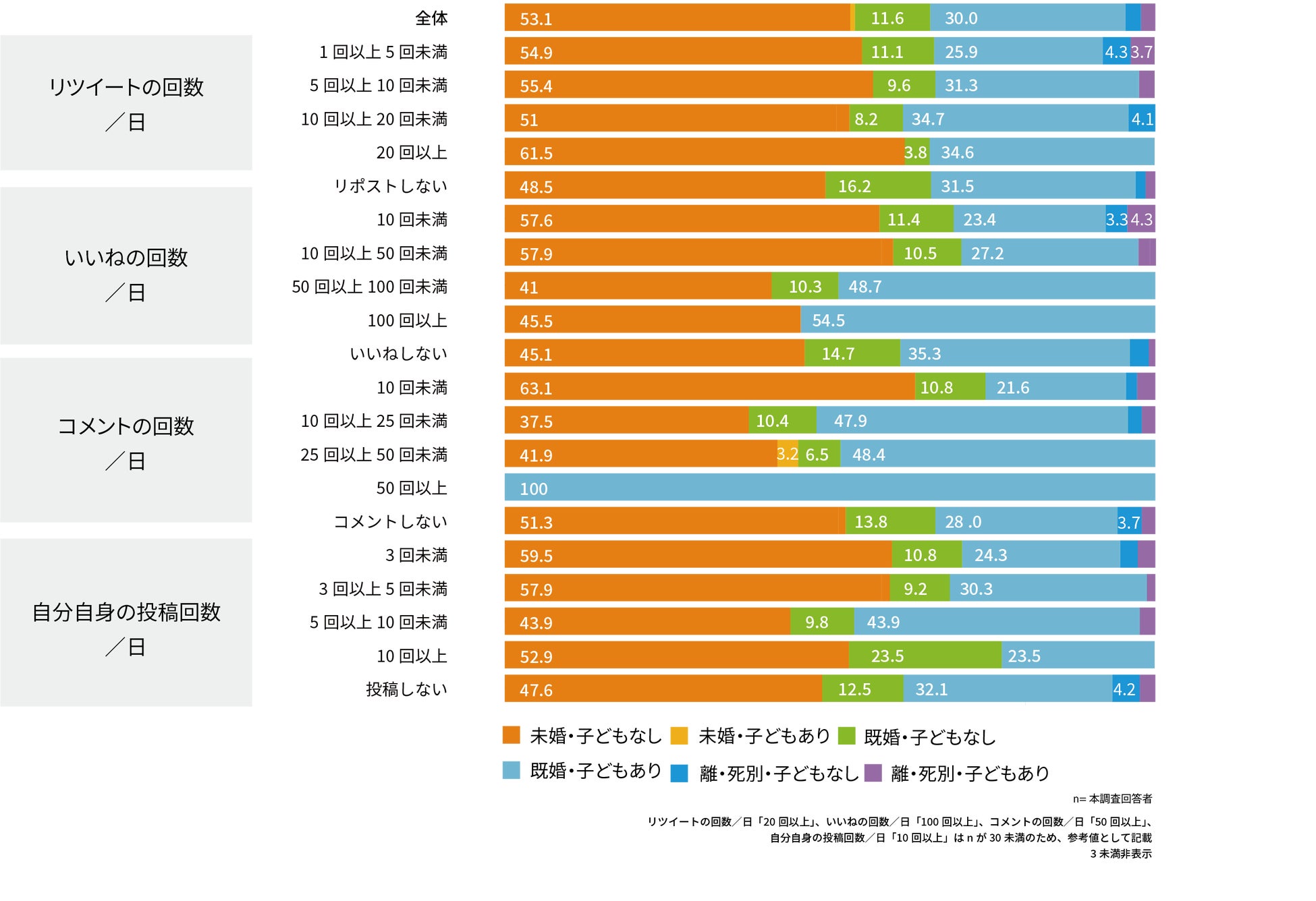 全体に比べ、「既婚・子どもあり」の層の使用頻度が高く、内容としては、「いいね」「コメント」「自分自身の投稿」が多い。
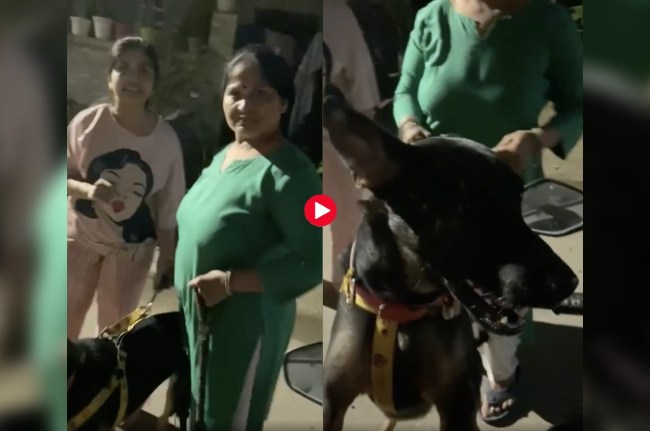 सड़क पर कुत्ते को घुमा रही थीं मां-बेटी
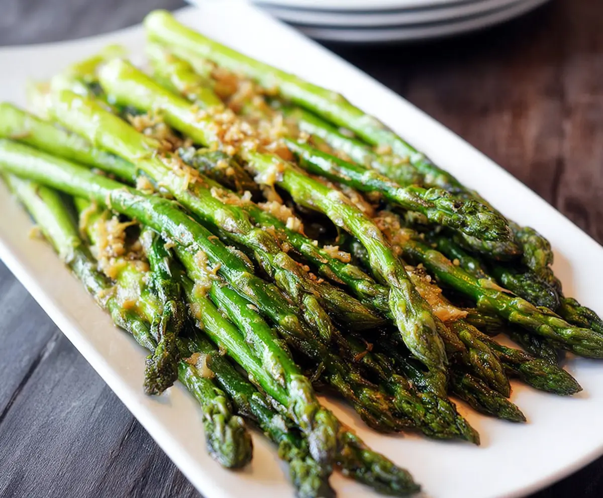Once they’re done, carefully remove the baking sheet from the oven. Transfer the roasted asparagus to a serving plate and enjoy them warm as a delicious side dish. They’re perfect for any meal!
--
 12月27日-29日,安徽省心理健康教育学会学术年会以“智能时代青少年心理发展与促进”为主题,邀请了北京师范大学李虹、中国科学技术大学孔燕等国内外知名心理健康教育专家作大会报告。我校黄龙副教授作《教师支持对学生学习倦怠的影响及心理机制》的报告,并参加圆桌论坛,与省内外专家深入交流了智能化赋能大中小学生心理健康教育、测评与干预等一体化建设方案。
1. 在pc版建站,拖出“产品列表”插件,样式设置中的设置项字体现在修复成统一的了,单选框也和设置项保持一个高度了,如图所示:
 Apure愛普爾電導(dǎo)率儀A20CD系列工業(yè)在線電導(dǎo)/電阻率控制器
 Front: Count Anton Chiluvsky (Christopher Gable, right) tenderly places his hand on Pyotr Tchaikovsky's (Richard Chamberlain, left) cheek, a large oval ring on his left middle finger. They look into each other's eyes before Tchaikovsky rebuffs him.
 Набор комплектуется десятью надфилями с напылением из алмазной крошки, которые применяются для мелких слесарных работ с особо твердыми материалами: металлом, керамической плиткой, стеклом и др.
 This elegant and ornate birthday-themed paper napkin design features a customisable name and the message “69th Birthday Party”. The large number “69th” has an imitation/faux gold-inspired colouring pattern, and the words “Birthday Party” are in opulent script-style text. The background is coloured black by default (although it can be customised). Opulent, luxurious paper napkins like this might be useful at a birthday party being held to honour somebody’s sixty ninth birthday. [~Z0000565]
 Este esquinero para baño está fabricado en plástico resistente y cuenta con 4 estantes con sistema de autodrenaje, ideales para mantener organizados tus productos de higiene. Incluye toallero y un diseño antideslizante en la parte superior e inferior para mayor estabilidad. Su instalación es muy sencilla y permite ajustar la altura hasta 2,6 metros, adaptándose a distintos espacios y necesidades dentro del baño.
* * *
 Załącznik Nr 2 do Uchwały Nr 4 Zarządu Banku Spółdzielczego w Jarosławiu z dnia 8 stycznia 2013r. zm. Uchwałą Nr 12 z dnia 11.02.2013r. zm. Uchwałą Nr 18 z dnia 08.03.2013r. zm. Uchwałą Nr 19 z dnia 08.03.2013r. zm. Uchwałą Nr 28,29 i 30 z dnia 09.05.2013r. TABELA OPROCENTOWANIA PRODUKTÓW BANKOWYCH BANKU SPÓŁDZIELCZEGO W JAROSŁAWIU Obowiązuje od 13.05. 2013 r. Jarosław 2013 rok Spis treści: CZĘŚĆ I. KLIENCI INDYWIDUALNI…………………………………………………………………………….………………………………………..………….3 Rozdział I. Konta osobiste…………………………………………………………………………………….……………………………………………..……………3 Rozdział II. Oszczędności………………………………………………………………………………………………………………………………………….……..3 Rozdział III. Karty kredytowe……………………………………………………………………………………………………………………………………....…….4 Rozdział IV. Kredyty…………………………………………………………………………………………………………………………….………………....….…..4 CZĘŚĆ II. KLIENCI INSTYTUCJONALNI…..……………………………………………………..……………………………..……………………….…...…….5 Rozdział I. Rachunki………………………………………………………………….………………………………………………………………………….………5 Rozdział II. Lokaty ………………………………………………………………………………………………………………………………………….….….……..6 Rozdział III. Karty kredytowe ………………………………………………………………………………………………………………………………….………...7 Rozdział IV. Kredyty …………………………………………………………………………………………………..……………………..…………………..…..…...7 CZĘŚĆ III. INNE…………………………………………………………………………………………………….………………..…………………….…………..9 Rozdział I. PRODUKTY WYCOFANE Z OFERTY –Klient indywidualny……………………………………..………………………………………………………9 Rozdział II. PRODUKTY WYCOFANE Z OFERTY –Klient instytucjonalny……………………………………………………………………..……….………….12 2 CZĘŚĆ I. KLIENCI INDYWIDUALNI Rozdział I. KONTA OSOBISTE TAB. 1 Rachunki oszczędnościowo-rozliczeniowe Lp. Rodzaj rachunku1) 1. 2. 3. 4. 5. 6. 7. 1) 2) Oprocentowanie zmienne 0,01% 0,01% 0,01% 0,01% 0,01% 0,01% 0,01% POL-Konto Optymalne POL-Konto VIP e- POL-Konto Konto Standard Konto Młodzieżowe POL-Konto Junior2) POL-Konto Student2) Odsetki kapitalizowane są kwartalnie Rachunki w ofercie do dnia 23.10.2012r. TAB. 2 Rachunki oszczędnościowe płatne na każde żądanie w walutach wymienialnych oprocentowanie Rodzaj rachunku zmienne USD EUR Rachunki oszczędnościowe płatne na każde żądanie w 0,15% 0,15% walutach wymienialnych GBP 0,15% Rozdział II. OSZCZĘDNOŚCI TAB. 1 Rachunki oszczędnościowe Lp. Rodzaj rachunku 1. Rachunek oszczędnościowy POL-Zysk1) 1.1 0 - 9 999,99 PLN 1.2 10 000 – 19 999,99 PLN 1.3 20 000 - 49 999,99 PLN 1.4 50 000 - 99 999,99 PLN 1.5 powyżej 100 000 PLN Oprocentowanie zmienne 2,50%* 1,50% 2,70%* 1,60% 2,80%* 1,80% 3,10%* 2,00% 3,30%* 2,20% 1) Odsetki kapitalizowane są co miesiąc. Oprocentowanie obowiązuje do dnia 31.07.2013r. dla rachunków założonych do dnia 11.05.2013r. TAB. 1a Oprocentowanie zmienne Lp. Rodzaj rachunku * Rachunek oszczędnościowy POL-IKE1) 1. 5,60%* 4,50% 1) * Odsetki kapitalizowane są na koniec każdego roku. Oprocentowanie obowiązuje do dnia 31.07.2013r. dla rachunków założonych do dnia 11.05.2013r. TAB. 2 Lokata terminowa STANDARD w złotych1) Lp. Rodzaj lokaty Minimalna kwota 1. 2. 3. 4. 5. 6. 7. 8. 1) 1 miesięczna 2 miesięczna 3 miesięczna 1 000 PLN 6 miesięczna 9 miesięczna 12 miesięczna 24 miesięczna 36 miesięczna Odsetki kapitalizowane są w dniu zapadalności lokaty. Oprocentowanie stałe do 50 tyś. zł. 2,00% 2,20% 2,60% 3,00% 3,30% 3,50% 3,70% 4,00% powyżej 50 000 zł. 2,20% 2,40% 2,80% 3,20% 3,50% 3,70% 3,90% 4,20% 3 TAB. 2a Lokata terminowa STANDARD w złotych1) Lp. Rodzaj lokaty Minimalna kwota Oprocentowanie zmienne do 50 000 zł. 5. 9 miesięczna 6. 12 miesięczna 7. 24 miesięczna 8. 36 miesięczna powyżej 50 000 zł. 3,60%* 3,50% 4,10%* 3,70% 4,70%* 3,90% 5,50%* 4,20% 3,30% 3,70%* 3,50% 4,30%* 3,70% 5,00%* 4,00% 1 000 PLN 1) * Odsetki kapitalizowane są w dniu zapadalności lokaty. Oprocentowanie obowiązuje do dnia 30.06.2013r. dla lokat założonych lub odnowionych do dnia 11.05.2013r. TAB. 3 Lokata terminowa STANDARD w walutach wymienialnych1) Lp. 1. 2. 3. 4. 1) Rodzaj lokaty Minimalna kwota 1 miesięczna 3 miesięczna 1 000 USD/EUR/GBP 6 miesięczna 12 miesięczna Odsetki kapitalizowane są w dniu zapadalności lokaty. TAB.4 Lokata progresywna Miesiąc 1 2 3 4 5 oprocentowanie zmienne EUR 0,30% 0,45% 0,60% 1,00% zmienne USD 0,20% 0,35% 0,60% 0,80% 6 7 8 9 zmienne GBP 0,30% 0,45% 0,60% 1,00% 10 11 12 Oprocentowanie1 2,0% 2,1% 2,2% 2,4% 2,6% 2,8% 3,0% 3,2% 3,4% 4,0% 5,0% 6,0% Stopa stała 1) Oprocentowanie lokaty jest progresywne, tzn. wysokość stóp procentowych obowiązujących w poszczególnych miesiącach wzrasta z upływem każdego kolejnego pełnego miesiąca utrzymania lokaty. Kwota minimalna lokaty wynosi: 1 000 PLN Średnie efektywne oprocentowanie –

• _PROBLEM_
The answer must be every line of the records that holds the string "large".

• _YOUR RESPONSE_
 Front: Count Anton Chiluvsky (Christopher Gable, right) tenderly places his hand on Pyotr Tchaikovsky's (Richard Chamberlain, left) cheek, a large oval ring on his left middle finger. They look into each other's eyes before Tchaikovsky rebuffs him.
 This elegant and ornate birthday-themed paper napkin design features a customisable name and the message “69th Birthday Party”. The large number “69th” has an imitation/faux gold-inspired colouring pattern, and the words “Birthday Party” are in opulent script-style text. The background is coloured black by default (although it can be customised). Opulent, luxurious paper napkins like this might be useful at a birthday party being held to honour somebody’s sixty ninth birthday. [~Z0000565]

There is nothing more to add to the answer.